The talks halted after Iran last year rejected a UN-backed plan that offered nuclear fuel rods in exchange for Iran's stock of lower-level enriched uranium — a swap would have curbed Teheran's capacity to make a nuclear bomb.

Prime Minister Binyamin Netanyahu called for "crippling sanctions" against Iran to prevent it from developing a nuclear weapons capability.

In an interview broadcast Monday on ABC's "Good Morning America," Netanyahu said he worries that the international community isn't acting aggressively enough to thwart Tehran's nuclear ambitions.

Netanyahu said the possibility Iran could develop a nuclear weapons program represents "the biggest issue facing our times."

He called for denying refined petroleum imports to Iran and said that if the member nations of the Security Council cannot agree on such a tough move, there is a "coalition of the willing" among other countries that also are worried about Iran.

The West fears Iran's uranium enrichment masks ambitions for making nuclear weapons since high enriched uranium is weapons-grade material.
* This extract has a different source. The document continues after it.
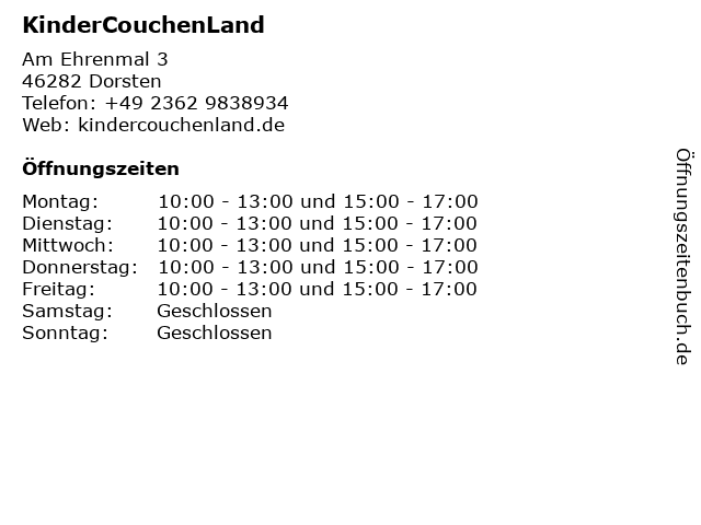| Öffnungszeiten KinderCouchenLand in Dorsten anzeigen | |

Tehran denies the charge and says its program is geared toward peaceful purposes, such as electricity production.

Under the UN proposal, Iran was to send 2,420 pounds (1,100 kilograms) of low-enriched uranium abroad, where it would be further enriched to 20 percent and converted into fuel rods, which would then be returned to Iran.

Teheran needs the fuel rods to power a research reactor in the Iranian capital that makes nuclear isotopes needed for medical purposes. Sending its own low-enriched uranium abroad would leave Iran with insufficient stocks to further purify to weapons-grade level. Once converted into rods, uranium can no longer be used for making weapons.

So far, three sets of UN sanctions have failed to pressure Iran to stop its own uranium enrichment work.